I tested a reboot of another machine on this same pdu: t-yosemite-r7-187
And I get the same failure: https://bugzilla.mozilla.org/show_bug.cgi?id=1472713
So I think the snmp community string on this pdu may be not matching.
See Also: → 1472713
Reporter | ||
Comment 3•7 years ago
|
||
Reboot t-yosemite-r7-189.test.releng.mdc2.mozilla.com. 10.51.56.80
Requested by mozilla-auth0/ad|Mozilla-LDAP|dhouse
Relops controller action failed:
2018-07-02T17:26:24.271370 ssh_reboot -l roller -i ssh.key TimeoutExpired
2018-07-02T17:26:24.276580 ipmi ipmi_reset KeyError
2018-07-02T17:26:24.279591 ipmi ipmi_cycle KeyError
This machine needs physically netbooted/reimaged.
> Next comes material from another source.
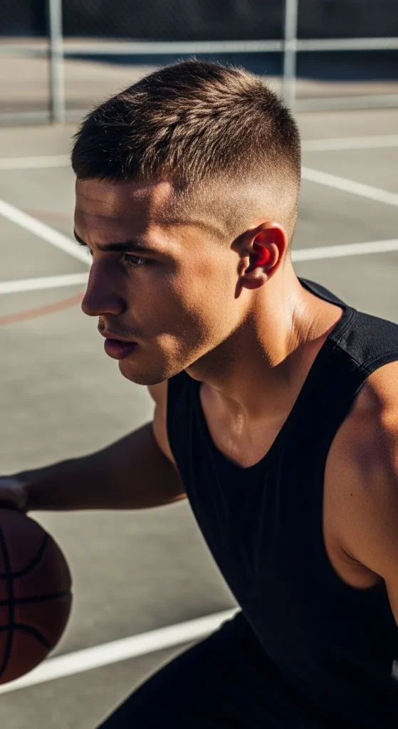 Inspired by classic military cuts, this ultra-tight skin fade with a short top delivers maximum cleanliness and zero maintenance feel.

The snmp issue is fixed, but this and the 187 machine are not responding to ping after the snmp power is cycled or turned on. I confirmed turning power off and then back on, and waiting; I don't see them become ping-able.
```
# snmpget -v 2c -c public pdu1.gc132.ops.releng.mdc2.mozilla.com 1.3.6.1.4.1.1718.3.2.3.1.5.2.1.2
iso.3.6.1.4.1.1718.3.2.3.1.5.2.1.2 = INTEGER: 1
# snmpget -v 2c -c public pdu1.gc132.ops.releng.mdc2.mozilla.com 1.3.6.1.4.1.1718.3.2.3.1.5.2.1.3
iso.3.6.1.4.1.1718.3.2.3.1.5.2.1.3 = INTEGER: 1
```
Assignee | ||
Comment 5•7 years ago
|
||
power cycling didn't work, opened REQ0235357 with QTS for remote hands.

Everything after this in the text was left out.